• INPUT DATA:
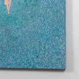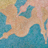 The surface of the canvas is enveloped in tiny, weighted flecks of paint that have been layered to create an incredible texture. This application of paint, which appears to be chenille-like, recalls both the atmospheric pastel palette and impressionistic effects made famous by Claude Monet.
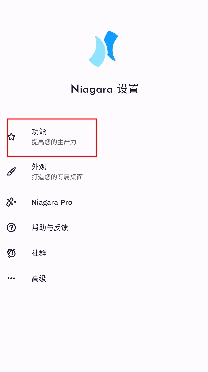 随意挑选一个应用图标,长按该图标后会弹出图示信息,接着点击Niagara设置选项即可。
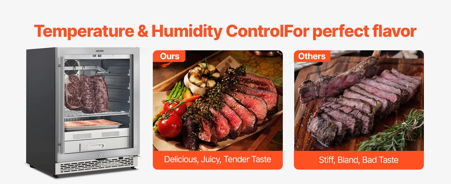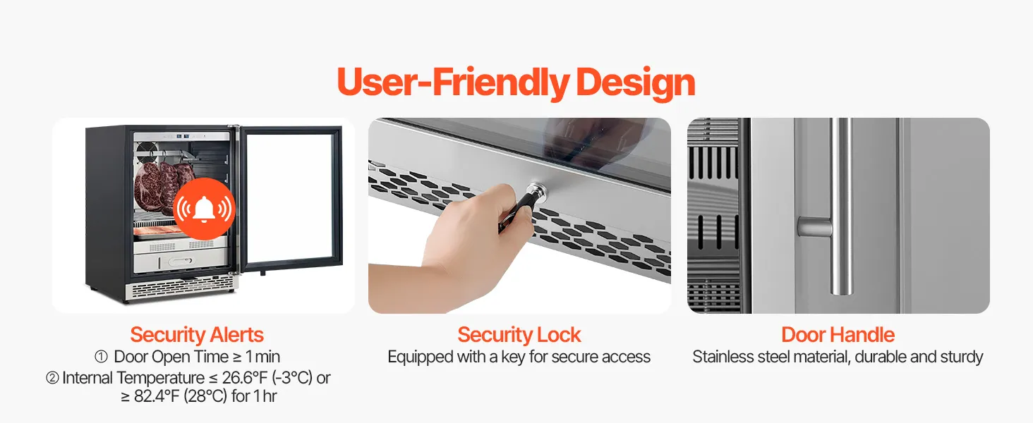 Profesionāla nogatavināšanas vide: šis gaļas nogatavināšanas ledusskapis uztur tīru gaisu un stabilus apstākļus, nodrošinot vienmērīgu un drošu nogatavināšanu ar uzlabotu garšu. Komplektā iekļauta atslēga drošībai.

• DESCRIPTION OF THE TASK: Give back the whole listing exactly as it stands. No pictures belong in the copy.

• TASK ANSWER:
 The surface of the canvas is enveloped in tiny, weighted flecks of paint that have been layered to create an incredible texture. This application of paint, which appears to be chenille-like, recalls both the atmospheric pastel palette and impressionistic effects made famous by Claude Monet.
 随意挑选一个应用图标,长按该图标后会弹出图示信息,接着点击Niagara设置选项即可。
 Profesionāla nogatavināšanas vide: šis gaļas nogatavināšanas ledusskapis uztur tīru gaisu un stabilus apstākļus, nodrošinot vienmērīgu un drošu nogatavināšanu ar uzlabotu garšu. Komplektā iekļauta atslēga drošībai.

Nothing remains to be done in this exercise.